Rinciannya adalah sekira 10 kilogram sabu, 10.465 butir pil mephedrone, dan 2 kilogram ganja. Dari sabu yang disita, hanya 200 gram disisihkan untuk keperluan pembuktian di pengadilan, sementara sisanya dimusnahkan.
Advertisement
"Bayangkan, jika barang ini sempat beredar, bisa merusak hingga 160 ribu orang.
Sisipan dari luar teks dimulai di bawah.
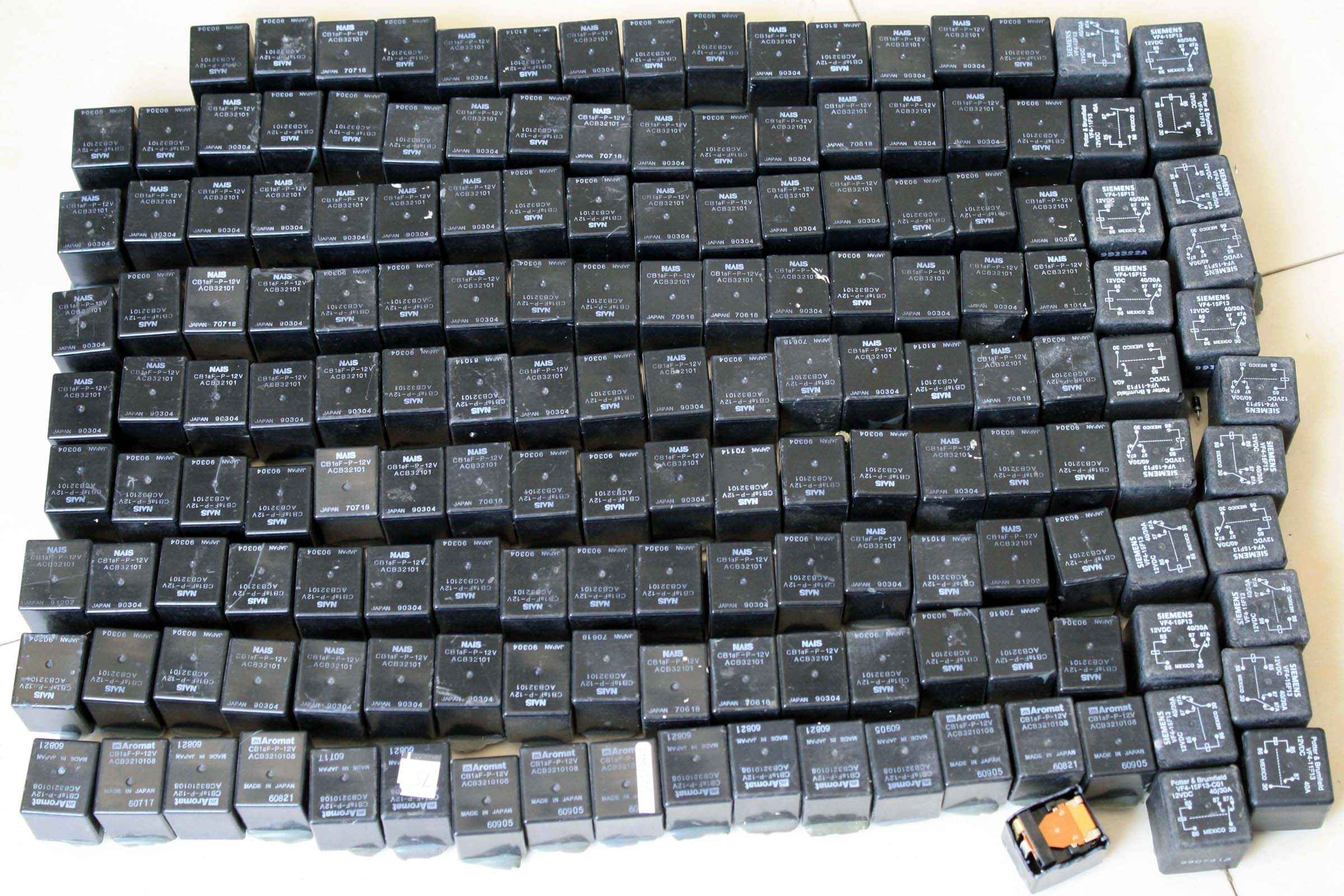 拆机件 | 拆机件,外观约9成新,外观如图。每只继电器外形尺寸:30.5x15x11.5毫米。每板装继电器15只。线圈电压12V。 |

Dan jika mereka harus direhabilitasi, negara bisa menanggung biaya hingga Rp600 miliar," ujar Arya.
Dia menegaskan, pemusnahan ini tidak hanya soal menghilangkan barang haram, tetapi juga menyelamatkan masa depan generasi muda dan mencegah kerugian negara.
"Ini adalah bagian dari komitmen kami untuk melindungi masyarakat dan mendukung penuh program Presiden serta Kapolri, dalam mewujudkan Indonesia bersih narkoba," tambahnya.
Barang bukti yang dimusnahkan disebut berasal dari jaringan lintas negara yang dikirim dari China, masuk ke Malaysia, lalu masuk ke Indonesia melalui Kalimantan sebelum akhirnya masuk ke Kota Makassar.
"Pemusnahan ini dilakukan berdasarkan amanat Undang-Undang Nomor 35 Tahun 2009 tentang Narkotika, khususnya Pasal 75 huruf K dan Pasal 91, yang mewajibkan pemusnahan barang bukti setelah proses hukum berjalan," jelasnya.
Arya juga mengajak seluruh elemen masyarakat, mulai dari keluarga hingga institusi pendidikan, untuk aktif terlibat dalam pencegahan penyalahgunaan narkoba.
"Ini bukan hanya soal pemusnahan, tapi soal penyelamatan warga negara kita dari ancaman narkoba," pungkasnya.